*** Opening ENTRIES PROVIDED ***
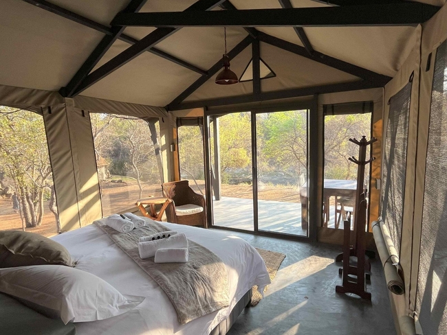 The lodge presents two distinct accommodation options, featuring elegantly furnished chalets alongside sophisticated safari tents, each meticulously crafted to ensure maximum comfort whilst maintaining authentic African character. Your chosen retreat, whether a private chalet or an atmospheric canvas pavilion, incorporates contemporary amenities without compromising the raw essence of bushveld living. Every guest quarters comes fully equipped with essential comforts and carefully selected furnishings that create an atmosphere of refined wilderness hospitality.
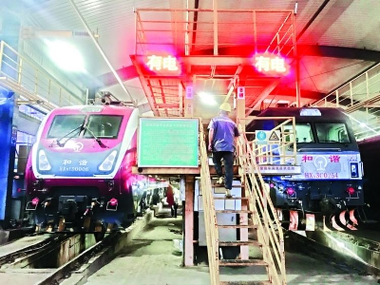 車(chē)頭每來(lái)回牽引完一趟列車(chē),需回到檢修庫(kù)進(jìn)行全身“體檢”。檢修團(tuán)隊(duì)隨之登場(chǎng),每臺(tái)車(chē)頭的檢修時(shí)間不能超過(guò)70分鐘,檢修完后,車(chē)頭就進(jìn)入待命狀態(tài),按照計(jì)劃執(zhí)行新的牽引任務(wù)。
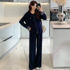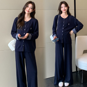 2025秋季新款韩系撞色格子孕妇宽松时尚减龄慵懒风针织套装
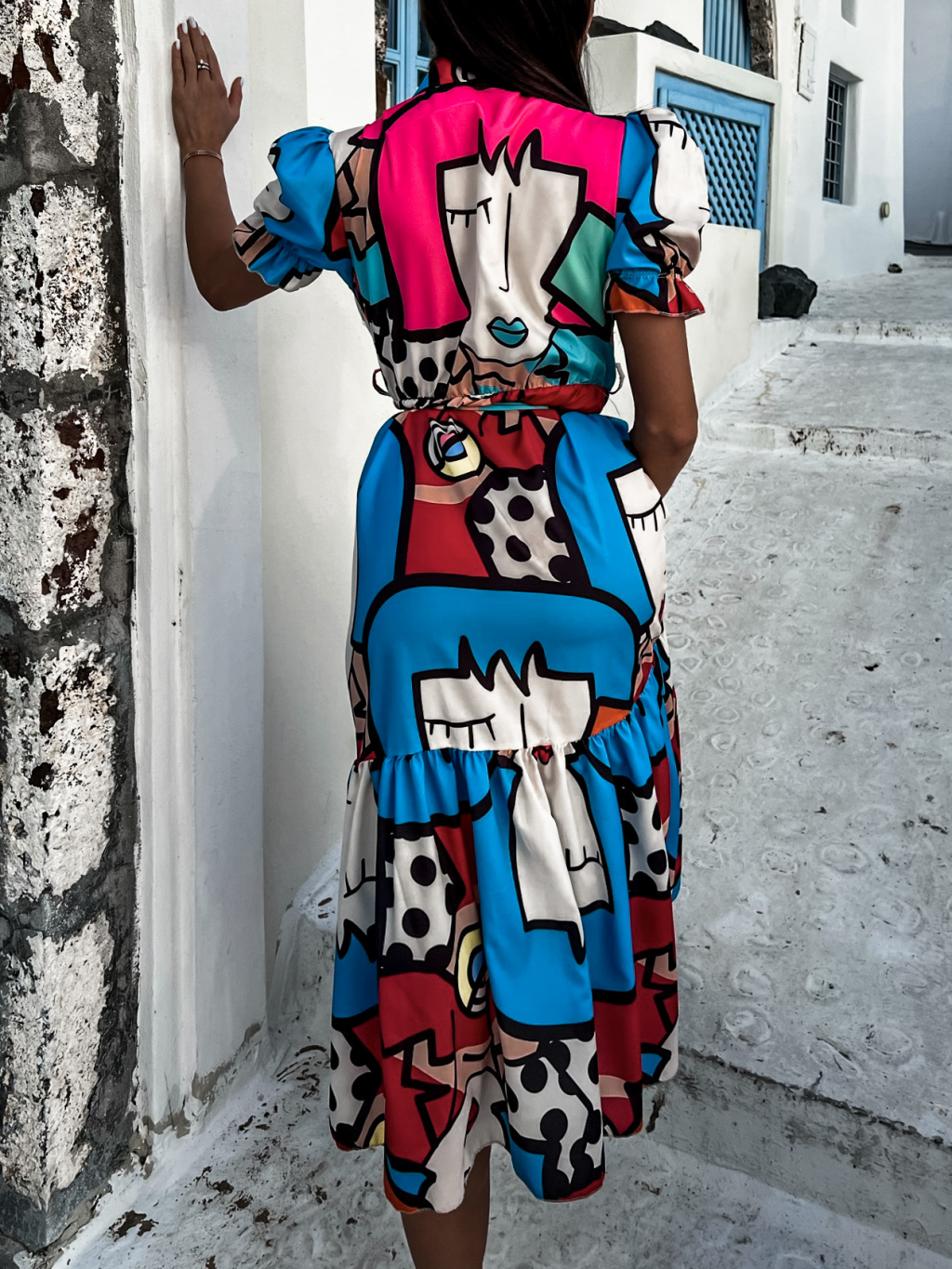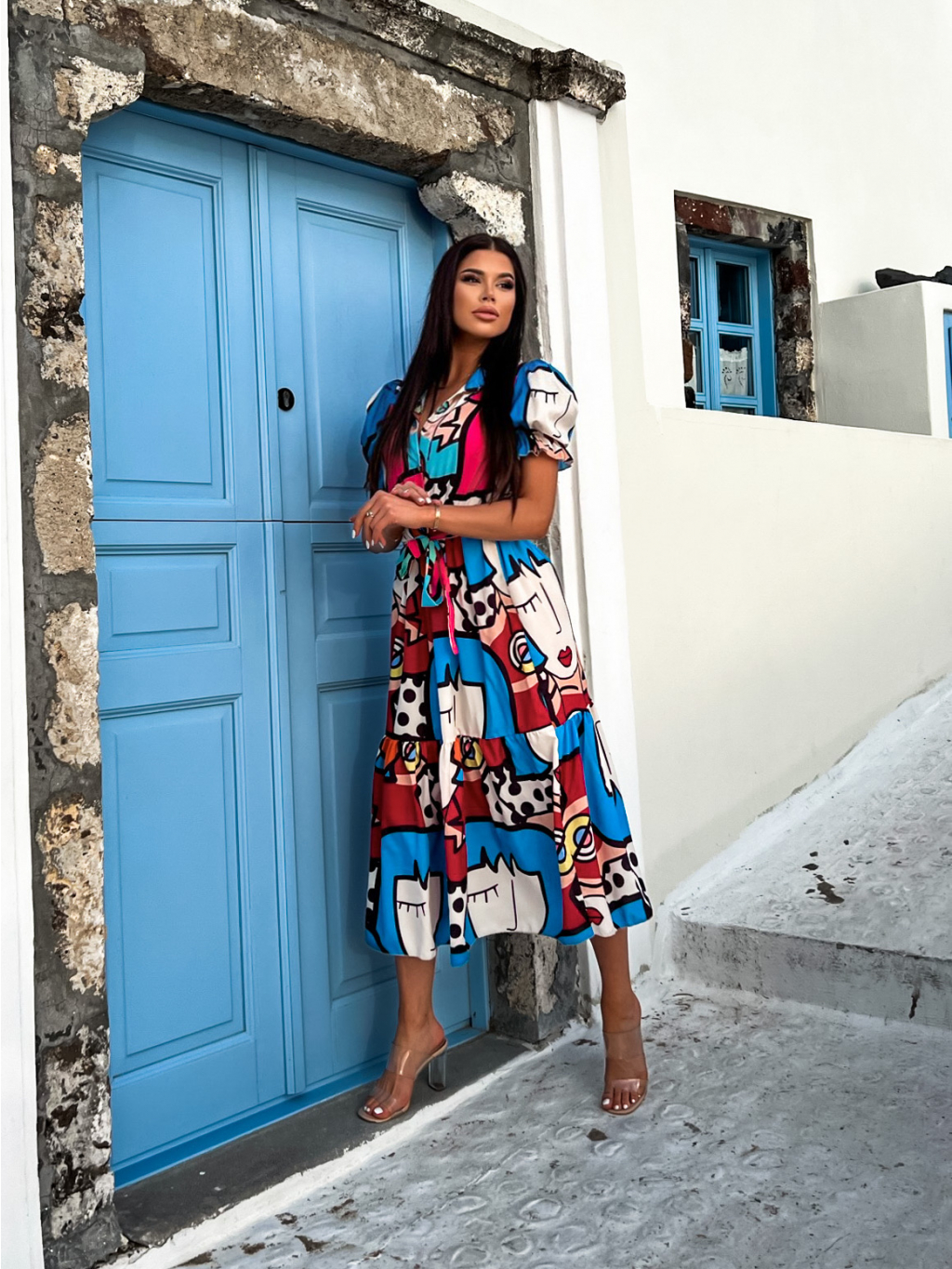 Modré elegantné šaty CYLINDER so zaväzovaním
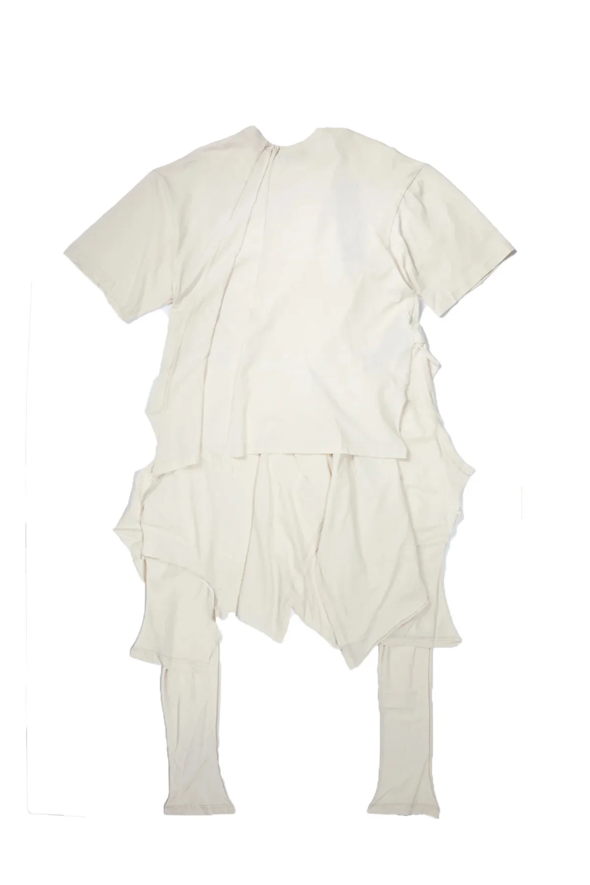 Ann Demeulemeester Seef High Comfort Deconstructed T-Shirt channels high-fashion minimalism through its asymmetric hem and deliberate seam detailing. The understated "Hope" graphic sits against an ivory base, while the relaxed short sleeves and textured fabric create an effortlessly refined silhouette. Side pieces, can be styled how you like. Oversized, relaxed fit. DETAILS Jersey texture Graphic Print on back Asymmetric hems Seam details Material: 100% Cotton Made in Italy Product codes: - SKU: ESSX/ANN/AW25/B0013439FA697003/White/S - UPC: 8059690522608
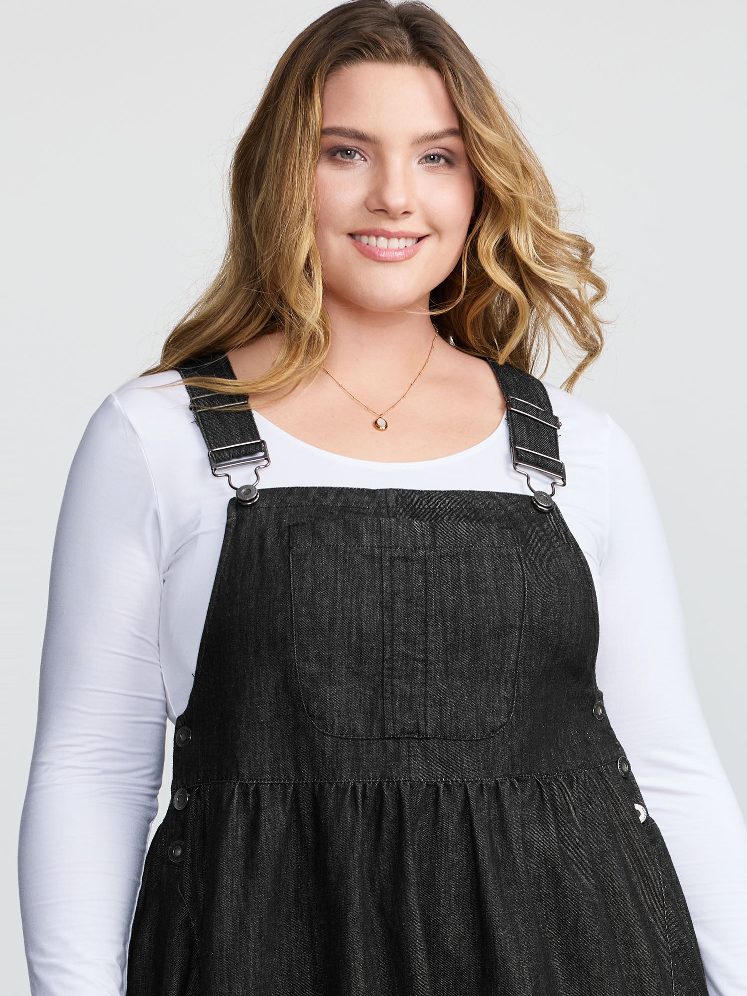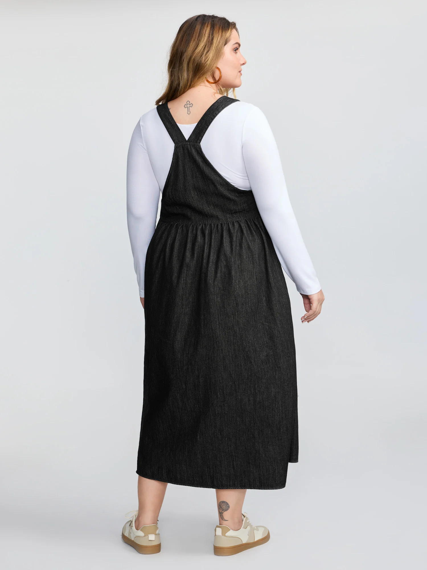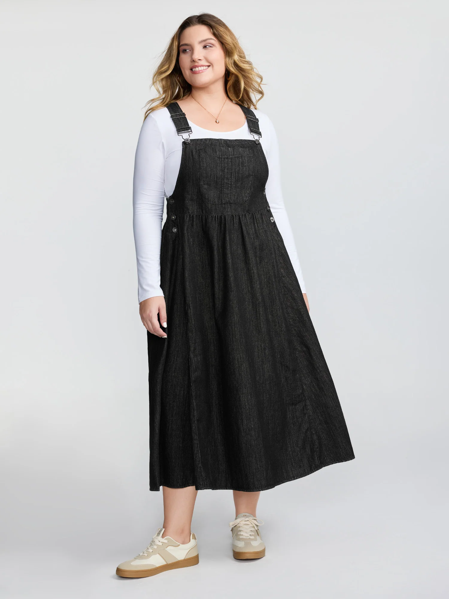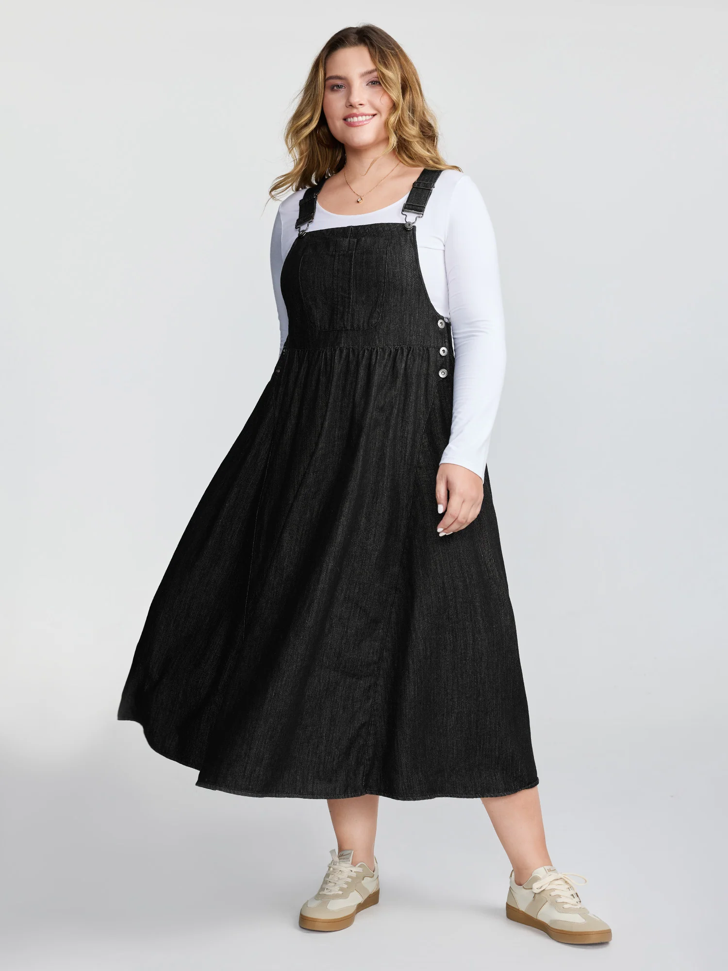 Denim Adjustable Overall Straps Pockets Midi Dress
*** Closing ENTRIES PROVIDED ***
→ WORK REQUIRED
Leave the images out and transcribe the rest of the material exactly.

→ SOLUTION
 The lodge presents two distinct accommodation options, featuring elegantly furnished chalets alongside sophisticated safari tents, each meticulously crafted to ensure maximum comfort whilst maintaining authentic African character. Your chosen retreat, whether a private chalet or an atmospheric canvas pavilion, incorporates contemporary amenities without compromising the raw essence of bushveld living. Every guest quarters comes fully equipped with essential comforts and carefully selected furnishings that create an atmosphere of refined wilderness hospitality.
 車(chē)頭每來(lái)回牽引完一趟列車(chē),需回到檢修庫(kù)進(jìn)行全身“體檢”。檢修團(tuán)隊(duì)隨之登場(chǎng),每臺(tái)車(chē)頭的檢修時(shí)間不能超過(guò)70分鐘,檢修完后,車(chē)頭就進(jìn)入待命狀態(tài),按照計(jì)劃執(zhí)行新的牽引任務(wù)。
 2025秋季新款韩系撞色格子孕妇宽松时尚减龄慵懒风针织套装
 Modré elegantné šaty CYLINDER so zaväzovaním
 Ann Demeulemeester Seef High Comfort Deconstructed T-Shirt channels high-fashion minimalism through its asymmetric hem and deliberate seam detailing. The understated "Hope" graphic sits against an ivory base, while the relaxed short sleeves and textured fabric create an effortlessly refined silhouette. Side pieces, can be styled how you like. Oversized, relaxed fit. DETAILS Jersey texture Graphic Print on back Asymmetric hems Seam details Material: 100% Cotton Made in Italy Product codes: - SKU: ESSX/ANN/AW25/B0013439FA697003/White/S - UPC: 8059690522608
 Denim Adjustable Overall Straps Pockets Midi Dress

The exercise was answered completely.